A number of other studies, tests, and repair or replacement programs, some of them voluntary, have been conducted in other States.

II. Advisory Bulletin (ADB-08-02)

To: All Gas Distribution Operators.

Subject: Identifying Issues with Mechanical Coupling That Could Lead to Failure.

Advisory: Due to variables related to age of couplings, specific procedures and installation practices, and conditions specific to certain regions of the country, it is difficult to cite common criteria affecting all failures that operators should address. However, PHMSA advises operators of gas distribution pipelines using mechanical couplings to do the following to ensure compliance with 49 CFR part 192:

(1) Review procedures for using mechanical couplings, including the coupling design and installation and ensure that they meet manufacturer's recommendations;

(2) Review leak survey procedures to ensure that leak surveys are properly conducted, taking into account other contributing factors (i.e., weather conditions, calibration); and,

(3) Review personnel qualifications to ensure they address leak surveys sufficiently.
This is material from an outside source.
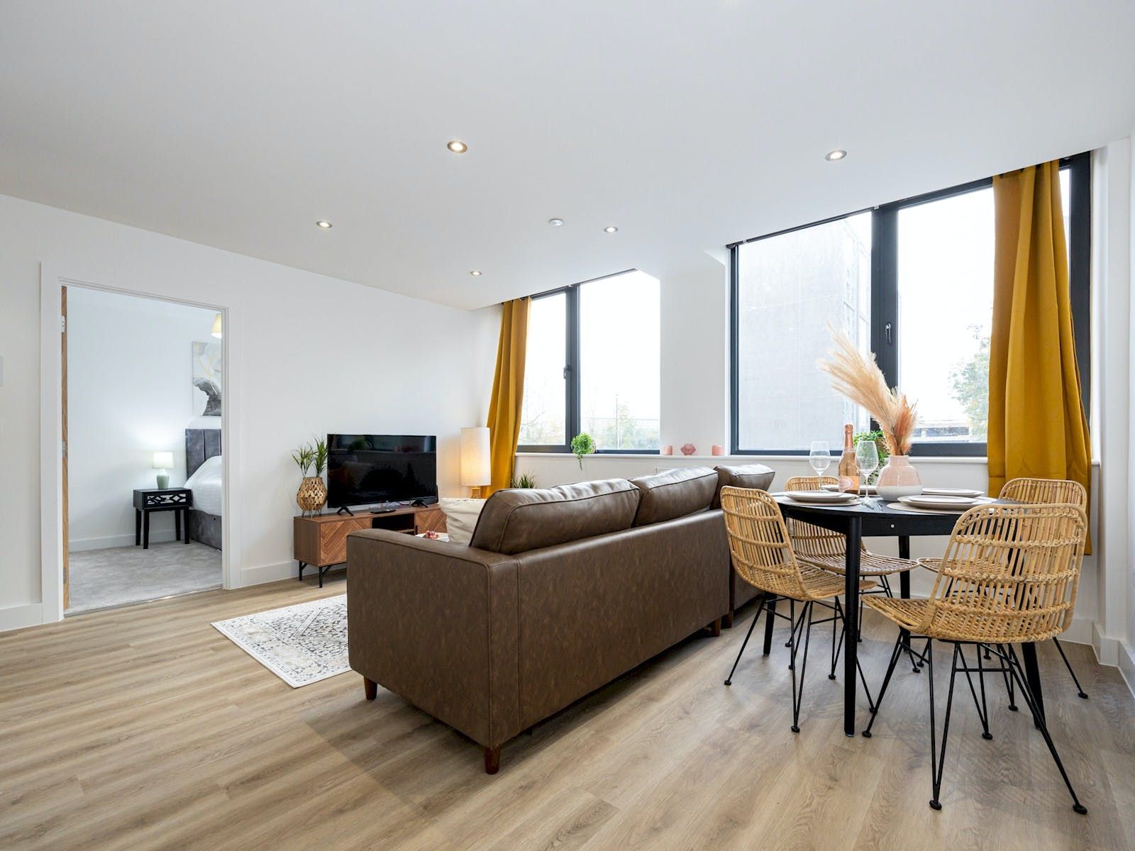 If you’re an avid football fan, then you won’t want to miss this home. Located right in the heart of Old Trafford, mere minutes away from the iconic football stadium with the same name – the ‘Theatre of Dreams', Manchester United’s home turf. Inside, you’ll have everything you’d need for a comfortable stay, including a fully-equipped kitchen and cosy living room. When you’re ready to venture out, it’s an easy train ride right into the hustle and bustle of central Manchester. But it’s also easy to drive, because this apartment has a parking spot available – somewhat of a rarity this close to the city!

PHMSA also advises operators of gas distribution pipelines using mechanical couplings to consider taking the following measures to reduce the risk of failures of mechanical couplings:

(4) Use Category 1 fittings only if mechanical couplings are used on pipe sizes 1/2′ CTS (Copper Tube Size) to 2′ IPS (Iron Pipe Size). Per ASTM D2513-99 titled “Standard Specification for Thermoplastic Gas Pressure Pipe, Tubing and Fittings,” Category 1 is a mechanical joint design that provides a seal plus a resistance to a force on the pipe end equal to or greater than that which will cause a permanent deformation of the pipe. At this time there is insufficient data to indicate there are issues involving fittings for larger diameter pipe. PHMSA will revisit if such issues do arise with larger diameter pipe.

(5) Improve recordkeeping on specific couplings that exist, i.e., their type, installation date, maintenance schedule, and any failures encountered, to help identify a trend of problems that may occur with a specific coupling or type of installation.

(6) Consider whether to adopt a full replacement program if there are too many unknowns related to couplings in service.

(7) Work with Federal and State pipeline safety representatives, manufacturers, and industry partners to determine how best to resolve potential issues in their respective state or region.

Documented repair and replacement programs may prove beneficial to all stakeholders involved. If operators are unsure of the appropriate representative, contact the individual(s) listed in this advisory bulletin for further information.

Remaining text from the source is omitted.